Actualité 20.12.2019 Vincent Lequeux

Organisées en 2018, les consultations citoyennes sur l'Europe ont permis de modifier, auprès des institutions, la perception du dialogue avec les citoyens. Un an après, la secrétaire d'Etat aux Affaires européennes Amélie de Montchalin souhaite que le prochain projet européen de démocratie directe opère un "saut significatif".

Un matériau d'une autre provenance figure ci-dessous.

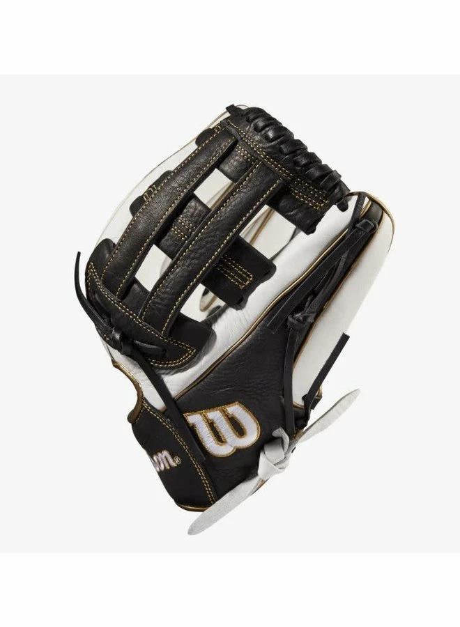 Designed with durable White and Black Full Grain leather and a sturdy Dual Post Web, this 12” pattern offers the reach you need to make every play no matter where you’re stationed on the infield.

Conférence sur l'avenir de l'Europe : la secrétaire d'Etat aux Affaires européennes évoque plusieurs pistes

La secrétaire d'Etat aux Affaires européennes, Amélie de Montchalin, a échangé avec les parties prenantes des consultations citoyennes le 16 décembre au ministère de l'Europe et des Affaires étrangères.

Quelles sont les idées des Européens pour le futur de l'Union européenne ? D'avril à octobre 2018, 1 700 consultations citoyennes organisées dans 25 pays avaient permis de recueillir leur parole, leurs critiques et leurs propositions.

Lors du Conseil européen de décembre 2018, les dirigeants avaient alors pu prendre connaissance des principales conclusions de ces consultations. Ils avaient ainsi reconnu qu'un "certain nombre de préoccupations et d'attentes en terme de résultats concrets de l'UE" y étaient identifiés.

Un autre dialogue citoyen

Parmi elles, la transition écologique. Un thème apparu comme majeur lors des consultations, aujourd'hui placé au rang de priorité par l'Union européenne. Le 11 décembre, la nouvelle Commission présidée par Ursula von der Leyen a ainsi présenté son projet de "pacte vert". Deux jours plus tard, le Conseil européen - moins la Pologne - a adopté un objectif de neutralité climatique pour 2050. 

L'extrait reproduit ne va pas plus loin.